By nature, yes. But I am trying to have more balance about that in my work and in my personal life. Sometimes I’ll be sort of compulsive about getting things precise and perfect, but I’m starting to like and even revere the imperfect things that happen along the way.
How do you feel about computers and how they are changing language?
That is a big question. Computers are changing everything, and language kind of coats everything we do, so they are inextricably linked. What’s most interesting to me is how the language that computers use is changing our world. Everything is getting digitally encoded–old analog recordings and films, photographs, people’s voices. Film grain changes when it’s turned into pixels. And it’s not just that real things are being made into digital information, it goes the other direction too–digital information is actually creating real things. And the way the digital language works is, like any other language, not unbiased. Because it is a binary system, it precludes any real ambiguity, and can only simulate it. It’s all 0s and 1s. There is actually no 0.5 in the language.
What do you think is the ugliest word in the English language, based on either meaning or looks or both?
There is a little tiny street in San Francisco called Larch. I always walk past it and think, “That is a disgusting word.” I believe it’s the name of a tree.
What do you do when you’re lacking inspiration?
I go to the library. It never fails, because if I go there without a direct purpose, it feels acceptable to indulge a tangent or just sort of let my mind wander. Every time I feel stuck, I get out of it because I am somehow reminded of how much stuff and information there is in the world. I usually have the problem of being excited by too many things, and wanting to learn about and do more things than there is time for.
How did you get your start?
I sort of don’t know how to answer that because I don’t know where the “start” is. I have always been making art. I drew and built things as a kid and both my parents are very artistic, crafty people who would always help me carry out any project I wanted to do, no matter how stupid. My dad is one of those people who can build anything…and he has a lot of tools. One time when I was little we made this ridiculous house for my pet rabbit at the time, Momo. My dad called it Chateau Momo, because it had separate rooms, including a little private room for the rabbit to go and hide if he didn’t feel like being social. We did a lot of projects together and sometimes we still do. My mom went to CCA(C) and knows a lot about ceramics and plaster. Her art is up all over their house. My parents are very supportive and interested in art. So for me, the “start” is really my childhood.
What did you study at Stanford?
I studied Studio Art, but I chose to go there because it wasn’t strictly an art school and I could take classes in any area I wanted. For me it was really the right decision because I was kind of a nerd, so I took classes in physics and engineering even though they weren’t connected to my official major. The biggest lesson I learned in college though is that academia is not the end-all it thinks it is.

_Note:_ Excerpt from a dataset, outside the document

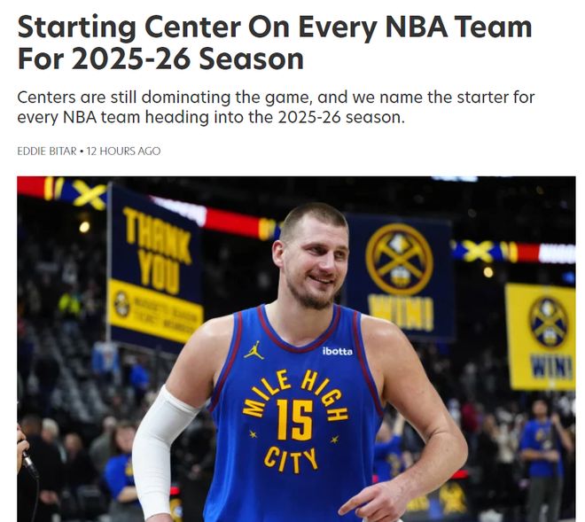 北京时间8月27日,美国媒体FW预测了25-26赛季联盟30支球队先发中锋的人选,海报是联盟第一人尼古拉-约基奇,他肯定是掘金的先发中锋这一点毫无悬念。 掘金约基奇、费城恩比德、老...

What daily rituals do you have?
I don’t really have any. I am not a person who needs structure or routine to function. I think I am very self-disciplined, so I just do things when I want or feel like I should, and everything kind of just gets done. I feel very, very lucky that I can set my own schedule and be so in control of my daily life.
Have you always been interested in letters?
Pretty much always. I was really into changing and perfecting my handwriting when I was growing up and we had to handwrite everything in school. I put a lot of thought into how I wrote letters; I even remember writing in my diary about it–how I was inventing a new “A,” and was going to use the new one from that point forward.